The first mass-market, highway-ready plug-in electric vehicles are already making their way to drivers' garages, although the production pipeline for Chevrolet Volts and Nissan Leafs may not be moving as fast as would-be buyers hoped. Toyota's plug-in Prius, the Ford Focus Electric and other electric entrants are due to join the Volt and the Leaf by the end of the year. But it's not yet clear whether electric vehicles, or EVs, will win out in the marketplace.
The big issue is batteries. As long as the cost of onboard electric power is high, compared to the cost of gasoline, buying an EV will never make sense based on fuel savings alone. A couple of years ago, the National Research Council estimated that providing enough battery power for 10 miles of electric driving would cost $3,300, and a 40-mile all-battery range (such as the Volt's) would add $14,000 to the cost of a car. Today, the battery pack for 200 miles of driving would add $20,000, says Kristin Persson, a researcher at the Lawrence Berkeley National Laboratory.
Scientists are focusing on making batteries work "longer, safer, cheaper," Persson said at last weekend's meeting of the American Association for the Advancement of Science in Washington. But she doesn't expect the revolution to come anytime soon: Lithium-ion will be the battery technology of choice for the next 10 to 15 years, she said.
Battery evolution, not revolution
Actually, battery technology is in the midst of evolution rather than revolution.
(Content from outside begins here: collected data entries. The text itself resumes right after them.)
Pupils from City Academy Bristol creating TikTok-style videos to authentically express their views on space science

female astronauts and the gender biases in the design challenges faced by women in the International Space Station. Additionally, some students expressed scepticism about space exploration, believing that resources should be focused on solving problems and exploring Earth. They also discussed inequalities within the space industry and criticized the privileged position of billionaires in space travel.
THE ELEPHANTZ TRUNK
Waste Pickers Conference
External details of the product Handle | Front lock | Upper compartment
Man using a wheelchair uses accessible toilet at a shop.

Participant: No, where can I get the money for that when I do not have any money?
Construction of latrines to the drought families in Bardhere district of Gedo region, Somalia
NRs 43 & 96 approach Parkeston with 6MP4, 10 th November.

For example, during the AAAS meeting, researchers from the University of Illinois at Urbana-Champaign reported on the use of chemical-laden microspheres that give worn-out batteries the chance to "heal" themselves — extending their lifetime and cutting down on the risk of battery fires.
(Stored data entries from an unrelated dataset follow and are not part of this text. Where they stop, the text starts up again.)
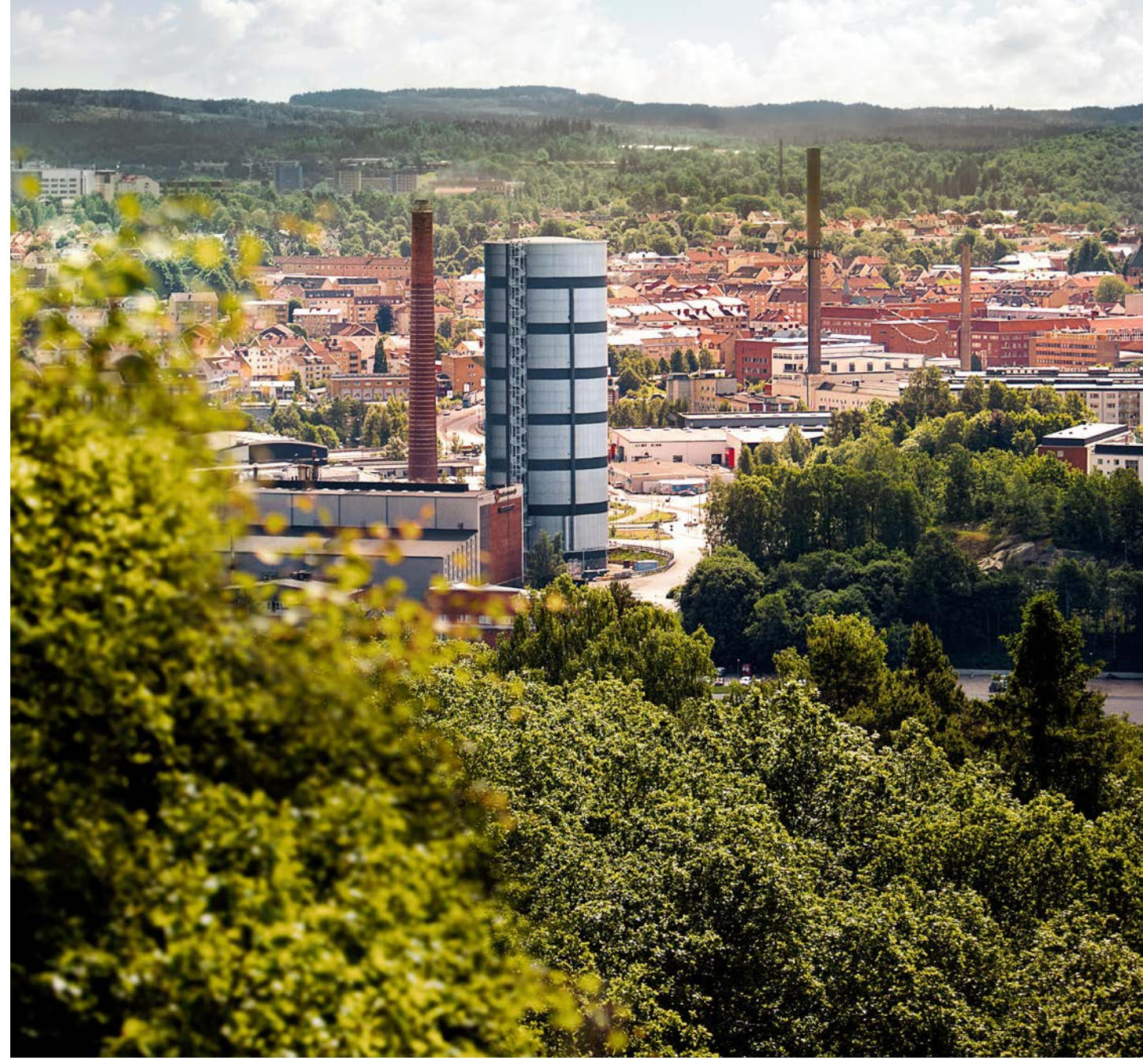
The thermal heat storage connected to the district heating grid of Borås is visible all over town.

especially for commercial housing companies such as Willhem. Since heating is included in the rent in most of Sweden's multi-family residential buildings, there are no existing incentives for the tenants to accept any discomfort or variation in their indoor climate today. If we can create this incentive for our customers and allow more significant variations in temperature, the effect of this kind of functionality can probably be higher, Magnus Åkerskog concludes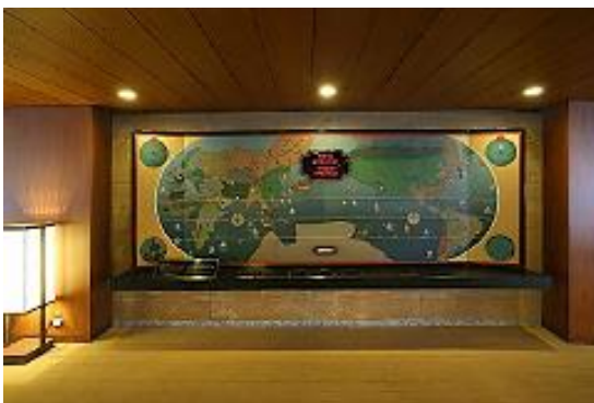
World map and clock displaying global time zones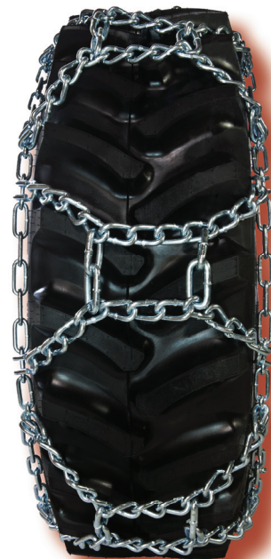
Regular Link: front view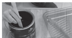
STIR WELL BEFORE AND AFTER APPLICATION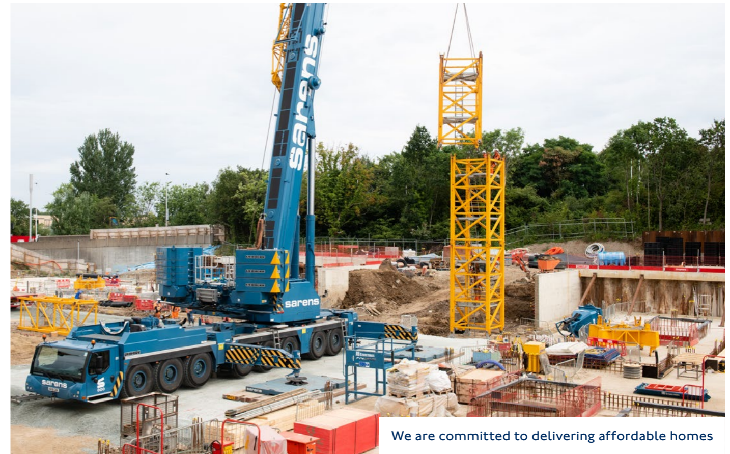
We are committed to delivering affordable homes

On 17 April, the new Places for London brand won two highly prestigious Gold Awards at the European Transform Awards for best visual identity under the public and property sector categories. The judges commented that the new identity is ‘a

Another research group has developed an advanced lithium-ion battery that can store more power and operate efficiently over a wider range of temperatures. "To our knowledge, a lithium-ion battery having this unique electrode combination has so far never been reported," the researchers said this month in the Journal of the American Chemical Society. "On the basis of the performance demonstrated here, this battery is a top candidate for powering sustainable vehicles."
Better batteries are the biggest challenge for electric vehicles, but a retooling of America's energy distribution infrastructure is another, as was pointed out last year at an MIT symposium. If the auto industry meets the Obama administration's optimistic target of putting a million advanced-technology cars on the road by 2015, that could put more of a drain on the nation's electrical grid and accelerate the rise of smart-grid technology. (In the wake of last month's State of the Union Address, the administration rolled out a fresh set of initiatives aimed at meeting that 2015 goal.)
At the AAAS meeting, the U.S. Department of Energy's Imre Gyuk pointed out that hundreds of millions of dollars are being spent on technologies that can help even out the load on the grid — ranging from frequency regulation and ramping to the use of flywheels, compressed air and pumped hydro to store the energy generated by intermittent power sources such as solar and wind.
'Fracking' for energy freedom?
But even with all this effort, will electric vehicles prevail? After all, the biggest winner in last year's $10 million Automotive X Prize competition was not an electric car, but Edison 2's ethanol-powered Very Light Car — which scored 102 mpg in large part because it was made from ultra-light materials, with an ultra-efficient aerodynamic design. And in the current issue of Foreign Affairs magazine, John Deutch, a former CIA director who is now a professor at MIT, claims that the global energy landscape could well be transformed by the rapid rise of shale gas as a domestic energy source.
Vehicles powered by compressed natural gas could become more prevalent, as could gas-fired electric plants. Shale gas production comes with its own problems, of course — ranging from the environmental impact of "fracking," to the issues associated with continued greenhouse-gas emissions, to the infrastructure shifts that would be required to let drivers fuel up with natural gas instead of gasoline. But the "good news about gas" demonstrates that electric isn't the only energy technology generating buzz.